As for the questions raised at the top, here are the answers:
* CHANGE OF COACHES: Once Scott Gordon was replaced it took a couple of months for Jack Capuano to get a feel for the Isles. Gordon’s hard-nosed handling of the club might have worked elsewhere, but somewhere along the line his players were not responding well. Whether it was the coach or the players, Snow could not wait any longer for the answer. Hence, Scott got the boot.
* THE REPLACEMENT: The strong homestretch run in the New Year proved that Cappy could be an asset. His problem was that Jack couldn’t play neither goal nor defense for his team nor avoid crucial injuries to the likes of Mark Streit and Kyle Okposo. One more season will determine his fate on the Island.

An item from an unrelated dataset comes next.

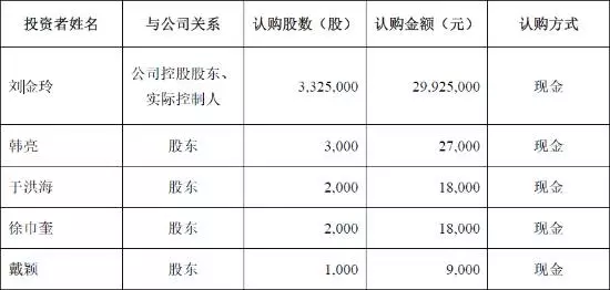 第三次增发价格9元每股,募资2999.7万元,发行对象为5名自然人。其中,枫盛阳实际控制人刘金玲资金认购了332.50万股,占比99.76%。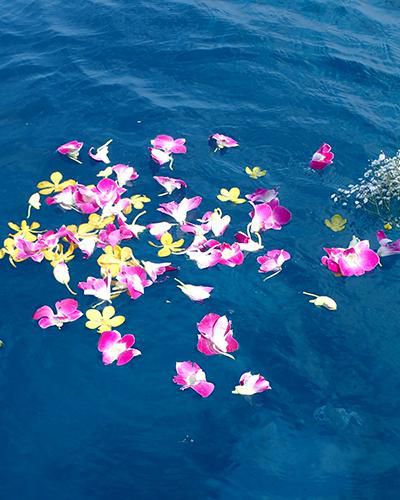 (写真は故人が好きだった花々と一緒に海へ眠る散骨風景=インタ-ネット上に公開のイメ-ジ写真から)

* ISLES FOR REAL OR NOT: There were some mighty promising signs, especially the maturation of John Tavares and the revelation of Matt Moulson as a legitimate scoring ace. At first it appeared as if Montoya not only would be a fan favorite for years but the answer to the goaltending issues. But his early successes proved to be illusory and his departure eventually proved that point.
* RANGERS UNDER TORTORELLA: Mister Tough Love and his battalion just barely made it into the post-season and went through the playoff revolving door faster than you can say “Caps, Again!” As he progressed, Torts was able — with Glen Sather’s wise moves — to acquire his kind of team. With a Lundqvist save here or a Brad Richards goal there, the Blueshirts could have reached the Final round last Spring and very likely could have disposed of the Kings. But they did not and Torts still has one Stanley Cup ring to his name. Could be two the next time around.

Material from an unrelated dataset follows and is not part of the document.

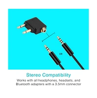 Enjoy a better audio experience during those long flights with the Mee audio airplane adapter. The adapter converts the two (dual mono) airplane mini-plugs into a stereo 3.5mm mini-jack connection. Connects directly to the 2-Prong airline audio jack. Works with any headphones or earphones utilizing a standard 3.5mm (1/8") plug. Outputs stereo sound.Compatible with all Mee audio headphones and other iPhone-compatible headsets except those utilizing Apple-specific 3-button remotes.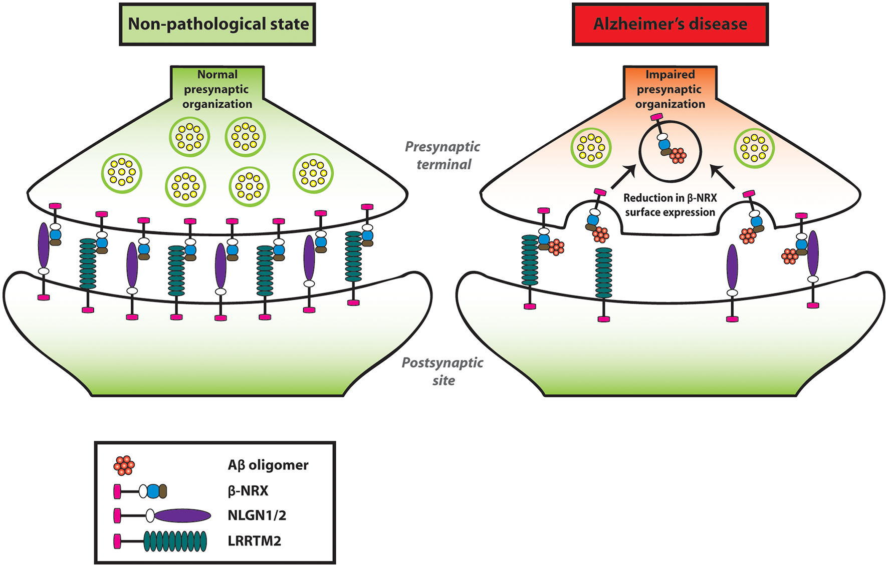 Amyloid-β oligomers (AβOs) impair presynaptic organization by reducing β-NRXs on the axon surface. AβOs bind to the histidine-rich domain (HRD) of β-NRXs. This interaction leads to the reduction of β-NRX surface expression on the axons without interfering with its ability to bind to NLGN1 or LRRTM2. By reducing the surface level of β-NRXs, presumably through enhanced endocytosis, AβOs impair NLGN1/2- and LRRTM2-mediated presynaptic organization.

Reader Brian McCormack offers his viewpoint on the Rangers-Islanders meeting.
McCormack: “That Dec. 2 rivalry game had little impact on the fate of either team; except for the fact the Rangers did in the end need the two points to make the playoffs. What the game did demonstrate was that regardless of either team’s place in the standings, Rangers-Islanders games are always fierce battles with playoff atmospheres. And no lead is ever safe! Gaborik’s continued offensive struggles proved a blessing in disguise. While Gabby recorded three hat tricks during the 2010-2011 season, they were all against non-playoff opponents. His ineffectiveness forced the Rangers to look to other areas for offense and the advent of the Brad Richards Era.”

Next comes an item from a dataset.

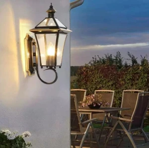 Outdoor Vintage Copper Finish Glass Shade Waterproof Wall Lamp - Warm White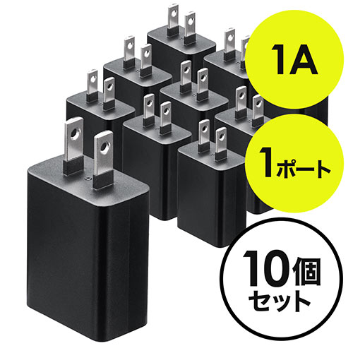 USB充電器 1ポート 1A コンパクト PSE取得 USB-ACアダプタ iPhone充電対応 ブラック 10個セット EZ7-AC026BKX10【ネコポス対応】

(THE MAVEN’S THOUGHTS: It’s easy to become enamored of an amiable goaltender such as Al Montoya. After a win he not only effervescent with his comments, I found him good for laughs. Following each W, I’d head for the dressing room and come up with a new nickname for Big Al. There were some awfully good times and I hoped and prayed that his goaltending would last for a long time. But a concussion injury changed all that. Upon his return, Montoya seemed to have lost the confidence and ability that had preceded the injury. As for DiPietro, we’re still waiting for the season that includes his revival of the skills that inspired management to spend so much money — and years — on him. Meanwhile, the Rangers — under the Sather-Tortorella tandem — solidified their franchise. Sather disposed of players — Christensen and Avery in particular — who were not Torts-type performers. By the end of 2011-2012, the Blueshirts were aiming for the Stanley Cup and it was a realistic wish when NHL hockey finally would return.)